While a lot of proxies for Solr exist for environments like Node its often preferable to do our best to push proxy responsibilities to a full web server. This approach takes full advantage of the capabilities of the web server to layer in features such as SSL or basic auth.
This repository gives a basic outline to creating a functional reverse proxy with Nginx that allows a whitelist of specific Solr request handlers and disallows specific query params (qt, stream.*, etc).
Why a reverse proxy? Why not just muck with Jetty configs in example? Or deploy to Tomcat or something?

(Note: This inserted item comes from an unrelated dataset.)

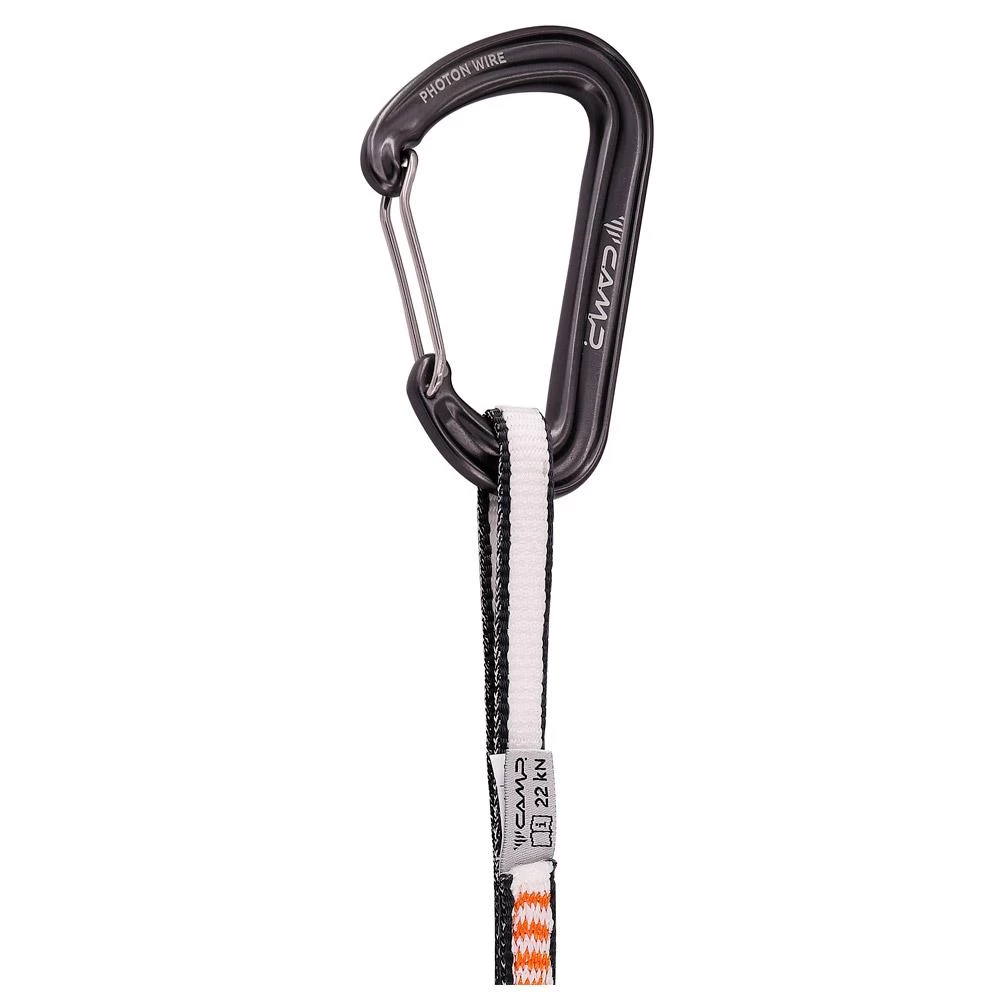 La escalera de escalada Photon Wire Express KS Dyneema de Camp, mostrada aquí con una correa de 18cm de largo y 11mm de ancho, es un modelo ultraligero que destaca entre sus competidores gracias al tamaño de sus mosquetones. De hecho, el mosquetón Photon Wire tiene una abertura un 25% más ancha que otros modelos de esta categoría, lo que facilita su uso. La cinta Dyneema, que ofrece más ventajas que el nylon en condiciones húmedas, está equipada con un bloqueador de mosquetón Karstop Evo que impide que el mosquetón gire.

Solr is most thoroughly tested with Jetty. Specifically, Jetty as bundled with Solr in the "example" directory. At OpenSource Connections, we frequently need to help clients troubleshoot obscure bugs using Solr in other servlet containers. What we encourage clients to do is to run Solr with Jetty using the configuration in the "example" directory (dutifully explaining that "example" should probably really be called "default").
However, the default Jetty distributed with Solr (the "example" dir) is not at all locked down. Security is not a concern. One solution would be to start mucking with the Jetty configuration to layer in SSL, disallow different endpoints, enable authentication, etc. Unfortunately, once this starter "example" directory is laden with added configuration, it becomes harder to just upgrade Solr in-place. We can no longer easily "rip and replace" the example directory. Instead we need to replicate any configuration we need when upgrading.

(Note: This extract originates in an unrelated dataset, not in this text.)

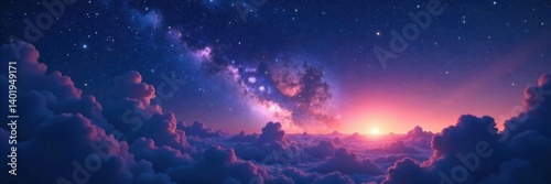 Naklejka premium Darkened heavens with scattered stars and a hint of aurora, nebula,...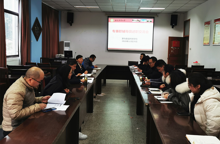 本网讯12月28日,学院召开2020年度专兼职辅导员述职交流会。院党委书记唐红萍,全体专兼职辅导员参会。会议由院党委副书记、纪委书记、副院长夏业鲍主持。

Rather, this approach allows a clear seperation of concerns with a vanilla Jetty/Solr "example" default directory fronted by a robust and secure web server like Nginx. This lets users run Solr as they're used to (java -jar ... start.jar) without mucking with much and allows tight control over security as needed.

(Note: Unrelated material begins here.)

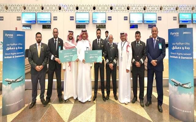 وأعلنت شركة طيران ناس، عبر صفحتها في منصة "إكس"، الاحتفال بتدشين أولى رحلاتها المباشرة بين جدة ودمشق في مطار الملك عبد العزيز الدولي، كثاني خط سير يربط بين المملكة وسوريا، ضمن خطة الشركة الاستراتيجية للنمو والتوسع تحت شعار "نربط العالم بالمملكة".

Our general approach to deploying Solr is
java -jar -Dsolr.solr.home=/path/to/solr/confs -Djetty.host=127.0.0.1 start.jar
2. Take the solr.conf from this repo and proxy with your info as comments dictate in the solr.conf file in this repo
On Ubuntu, this looks like:
sudo cp solr.conf /etc/nginx/conf.d/
sudo cp solr_proxy.conf /etc/nginx/conf.d/
sudo /etc/init.d/nginx restart
Double check you can't take disallowed actions like updated documents and the like.